Abstract
Purpose
Perforated gastric cancer is an extremely rare condition and usually presents in advanced stage with poor prognosis. Surgical strategies are still controversial regarding the extent to which complete resection or primary repair is performed and the application of laparoscopic techniques. We aim to determine the role of laparoscopic 2-stage approach in perforated gastric cancer.
Methods
Among 2,318 gastric cancers in Yeouido St. Mary's Hospital from January 1990 to December 2017, 20 patients with perforated gastric cancer were enrolled, and 5 patients underwent 2-stage gastrectomy consisting of primary closure on perforation followed by curative gastrectomy. Clinicopathological features, surgical outcomes, and survival analysis were evaluated.
Results
Two-stage approach for perforated gastric cancer was all performed by laparoscopic approach except 1 patient who needed paraaortic lymph node dissection (LND). Those were first treated on peritonitis with laparoscopic primary closure with or without Foley gastrostomy. Compared to 1-stage gastrectomy, more D2 LND was performed (60.0% vs. 100.0%, P = 0.260) and retrieved lymph nodes were significantly higher (median [range]: 17.0 [12.0–27.0] vs. 33.0 [26.5–43.5], P = 0.019]. Two patients of stage II and 3 patients of stage III were included in the 2-stage gastrectomy group. During the 38 months of median follow-up period, there were 8 and 1 recurrence among 1-stage and 2-stage gastrectomies, respectively. Except for 1 patient, 4 other 2-stage patients survived around 5 years without recurrence (5-year disease-free survival, 80%).
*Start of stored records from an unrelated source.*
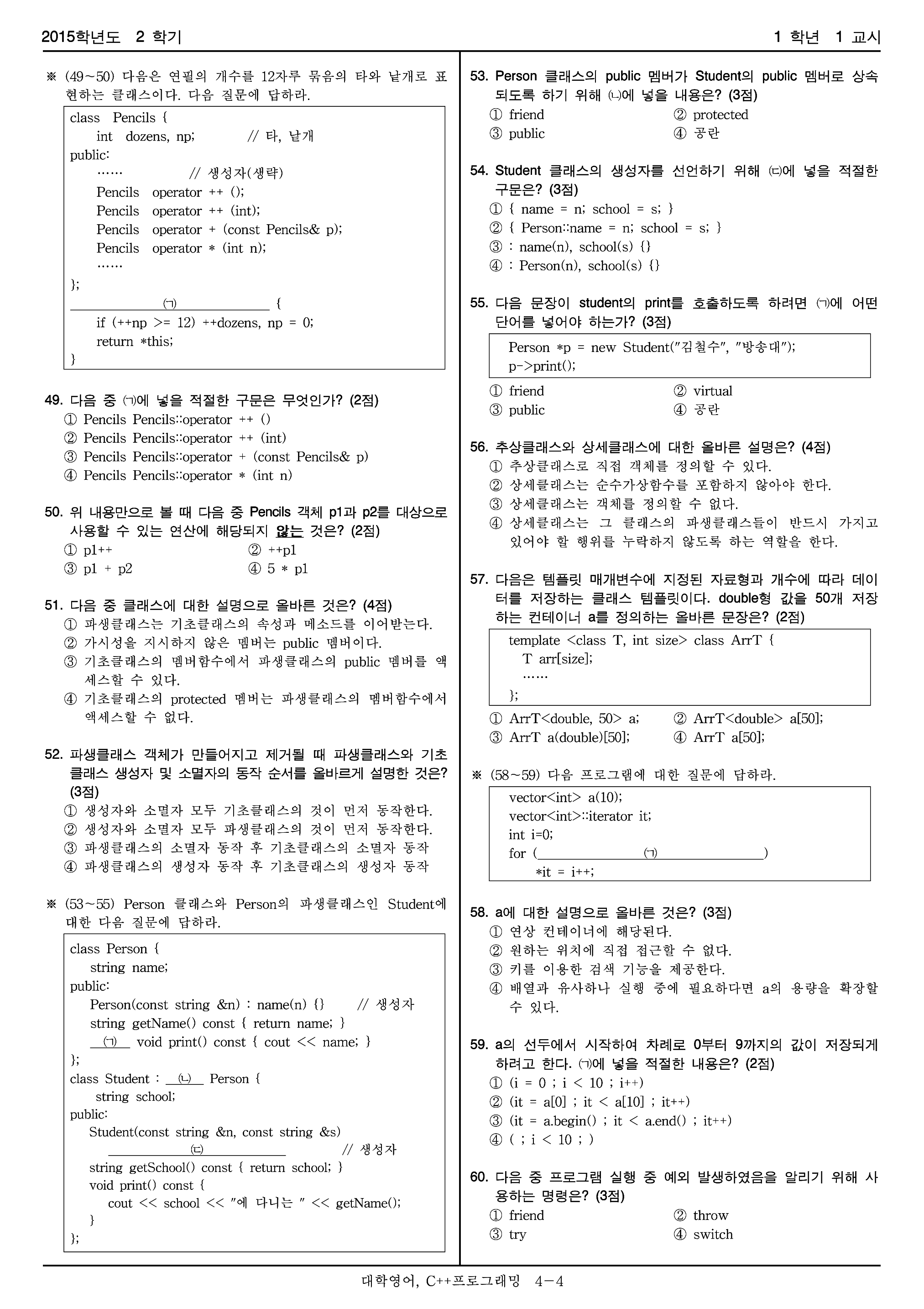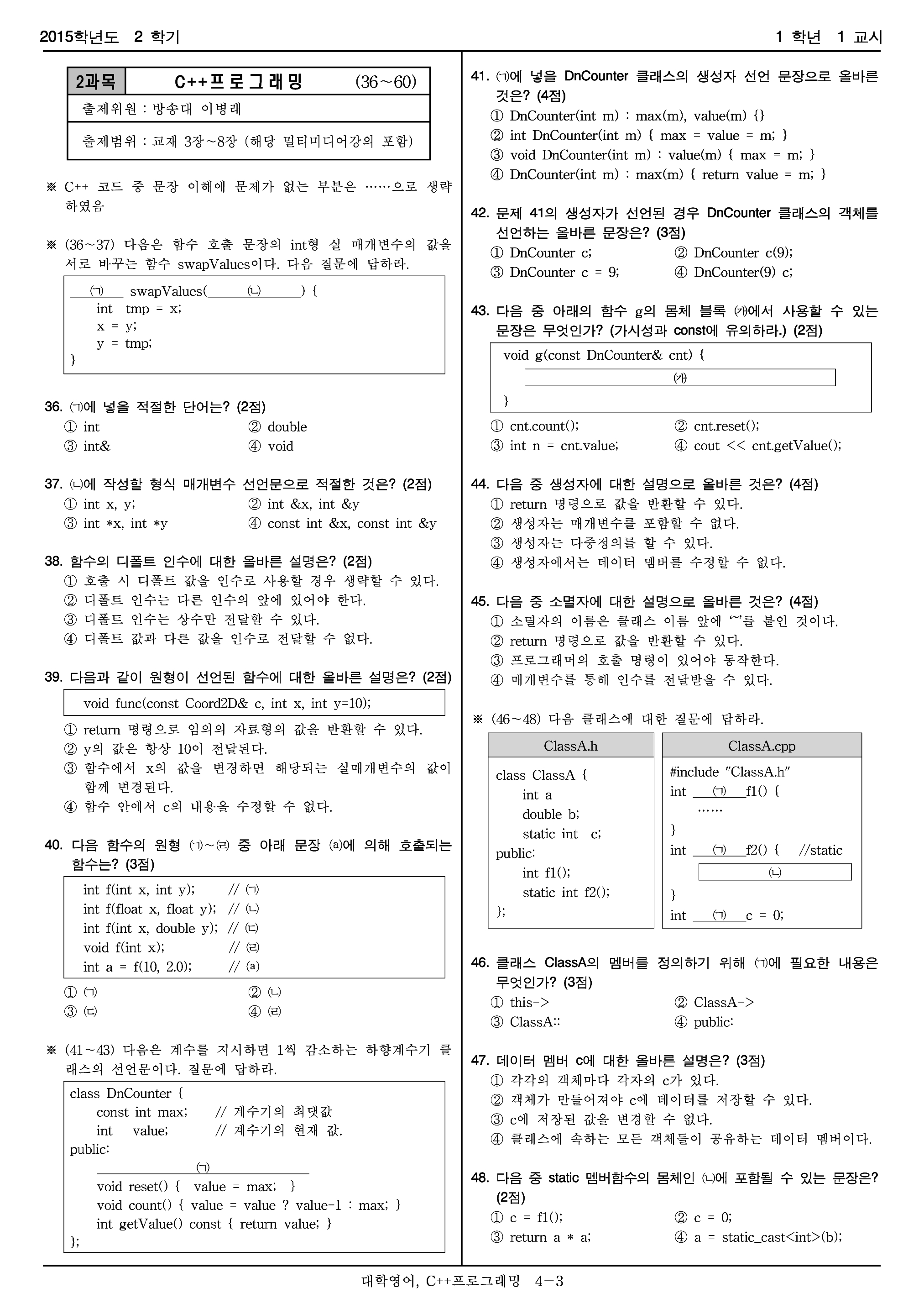 | 방송통신대학교 온라인 문제집 (C++/2014) (2) | 2019.11.25 |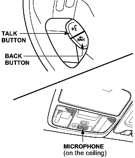 BACK - This does the same function as the CANCEL button. Press this button to return to the previous display. After the previous display appears, the system prompts you for a command, and then beeps. Press and release the TALK button to give the desired command.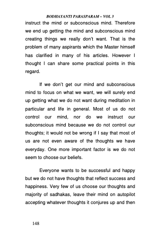 instruct the mind or subconscious mind. Therefore we end up getting the mind and subconscious mind creating things we really don’t want. That is the problem of many aspirants which the Master himself has clarified in many of his articles. However I thought I can share some practical points in this regard.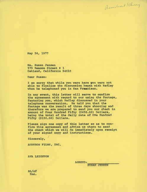 While he was away, Ava Leighton and Audubon attorney Ed Grainger, eventually reached an agreement with Susan and her lawyer. It prescribed that Susan would be paid an additional $2,000 for the scenes used in ‘Barbara Broadcast’ and ‘Maraschino Cherry’. This would bring the total amount amount paid to her to just over $4,600.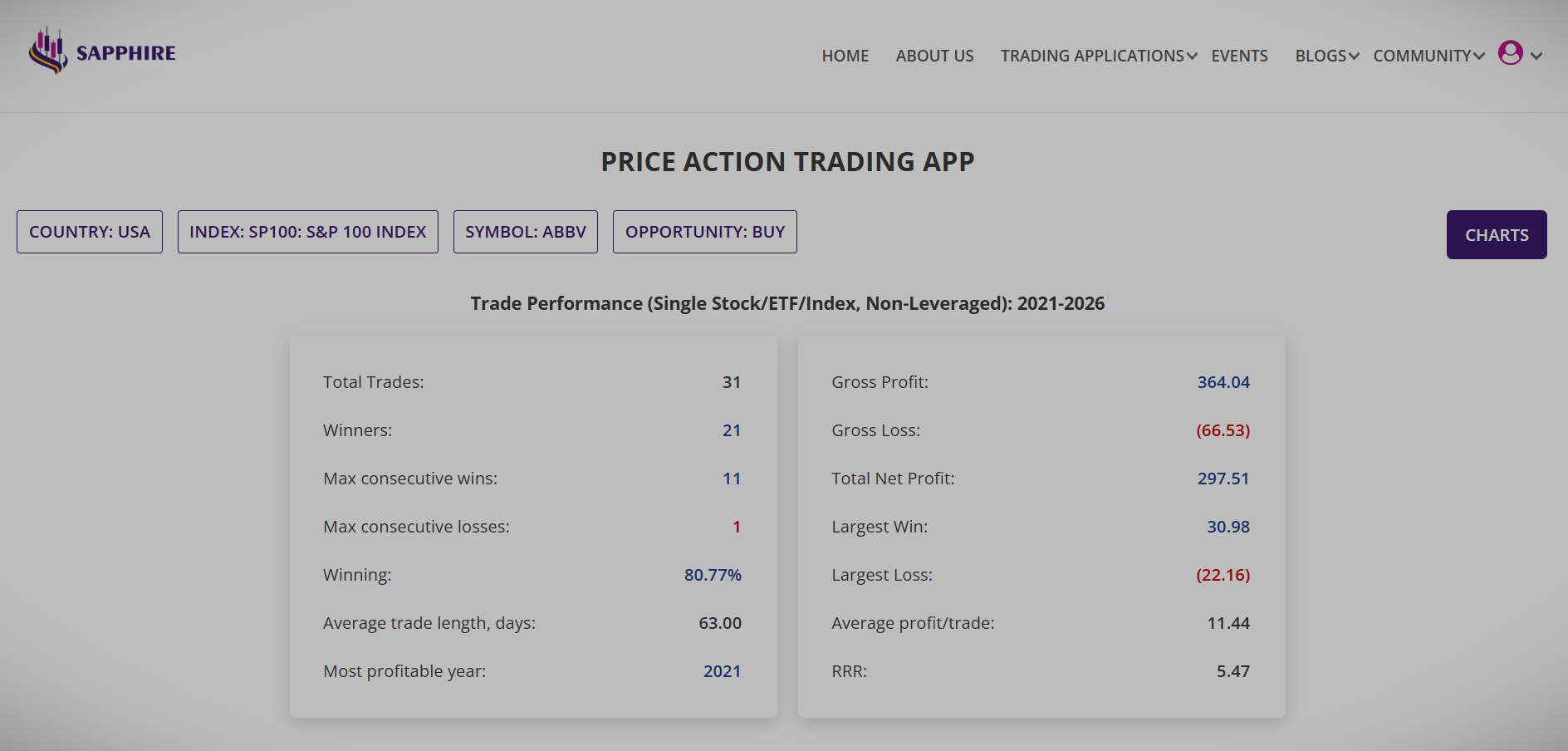 Each of the Stocks or ETFs listed in the summary report can be drilled down to a detailed report. The detailed report has two tables, the one at the top contains the aggregated trade performance for the number of Price Action events occured during the period of analysis. There are several parameters of interest included such as maximum consecutive wins, winning percentage, gross profit, net profit and reward-risk ratio (RRR).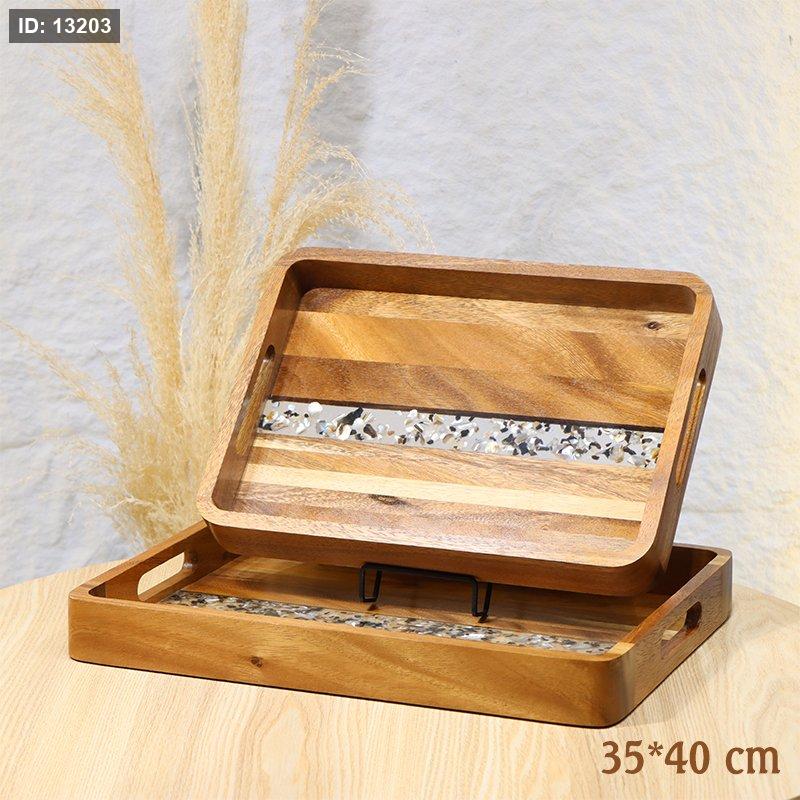 طقم صواني مستطيل/2 خشب بامبو 40+35سم وجه نصف ريزن EL9/8 =ط58
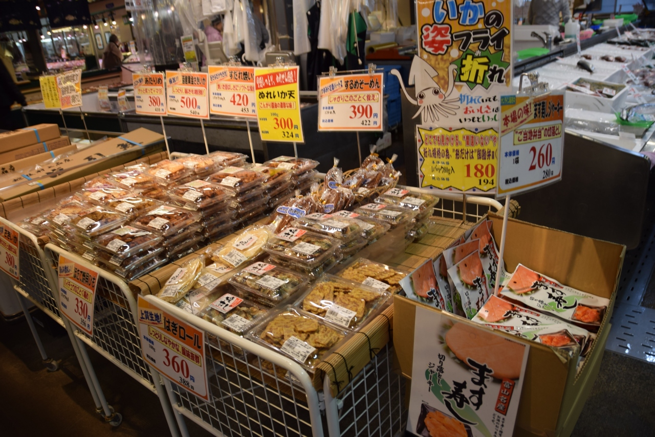 新潟循環バスに乗ると、最後の方に到着するピアBANDAIの中にある。巨大なディスカウントストアのような所を想像していたが平屋のフラットなつくりだった。他にあぶり焼きや食事所、オープンスペースがあった。魚棟は生モノが多く新鮮そうだったが旅行者のお土産には向かないので、乾物をゲットした。果物や地酒を扱う所もあり、そちらもいろいろ見てゲットした。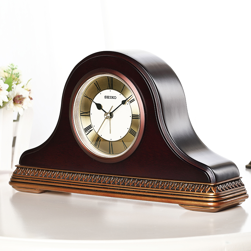 Japanese Seiko Creative Fashion Retro Eurostyle Home Office Mute Real Wood Quartz Seat Clock QXE018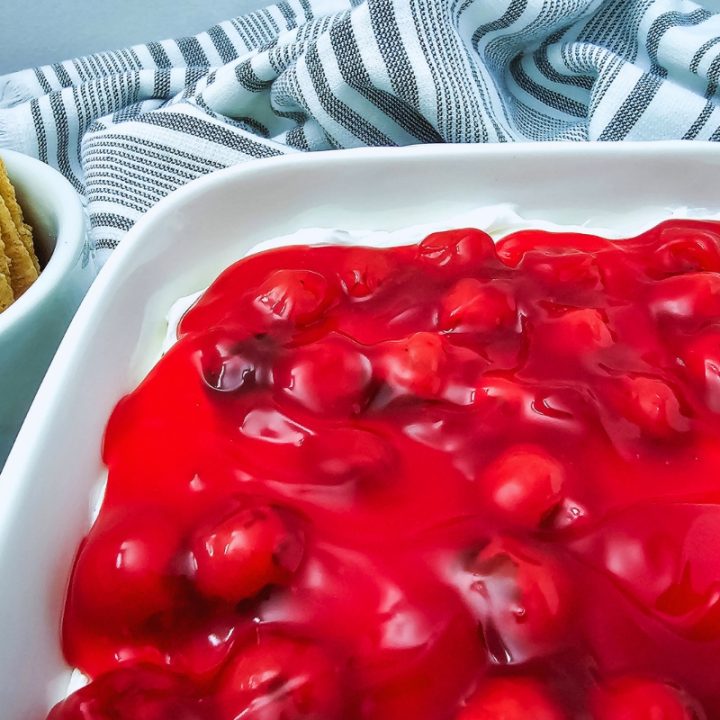 This 4-ingredient Cherry Cheesecake Dip is a rich, creamy no-bake treat topped with sweet cherry pie filling. All the classic cheesecake flavor in an easy, scoopable dip!

Recently, advanced stage of gastric cancer has decreased in great number by early cancer detection of biennial routine endoscopy in the national cancer screening program in Korea [123]. Moreover, perforated gastric cancer, which mostly develops in advanced and untreated states, is a rare condition in clinical situation [4]. Despite its rarity, diffuse peritonitis from perforation allows only limited time for sufficient evaluation of the disease, so surgeons should be aware of this condition in diagnosis and management [5]. Even worse for diagnosis, intraoperative frozen section or endoscopy is often unavailable in night-time operation.
A balanced surgical strategy should be selected in perforated gastric cancer, considering both peritonitis and invasiveness of malignancy. In the past, 1-stage gastrectomy was usually performed for suspected gastric cancer perforation cases. However, this strategy has the risk of surgery done under an uncertain diagnosis for gastric cancer or not. Introduction of 2-stage surgery, which includes immediate treatment on acute peritonitis with closure of the perforation site followed by curative gastrectomy with adequate lymphadenectomy, has proven to improve oncological outcomes over conventional 1-stage surgery [6789]. Diagnosis and evaluation for the cancer status is possible during the interval of 2-stage.
Although the introduction of laparoscopy brought definite benefits in surgical outcomes and comparable oncological outcomes in gastric cancer, the feasibility of laparoscopic approach in perforated gastric cancer has not been analyzed yet and is still controversy [9101112]. Therefore, this study was aimed to explore the general characteristics of gastric cancer perforation and assess the safety and feasibility of laparoscopic 2-stage surgery in the treatment of perforated gastric cancer.
Out of 2,318 patients with gastric cancer in Yeouido St. Mary's Hospital from January 1990 to December 2017, 22 patients (0.9%) with perforated gastric cancer were retrospectively evaluated with medical records. We excluded 2 patients with distant organ metastasis who underwent only palliative surgery, and enrolled 20 patients in stage I, II, and III with curative gastrectomy in our study. Emergent surgery was performed in all patients and decision for surgical strategy, whether to perform 1-stage or 2-stage procedure, was determined by a single surgeon. Out of 20 patients, 15 patients (75.0%) underwent 1-stage surgery and 5 patients (25.0%) with 2-stage surgery.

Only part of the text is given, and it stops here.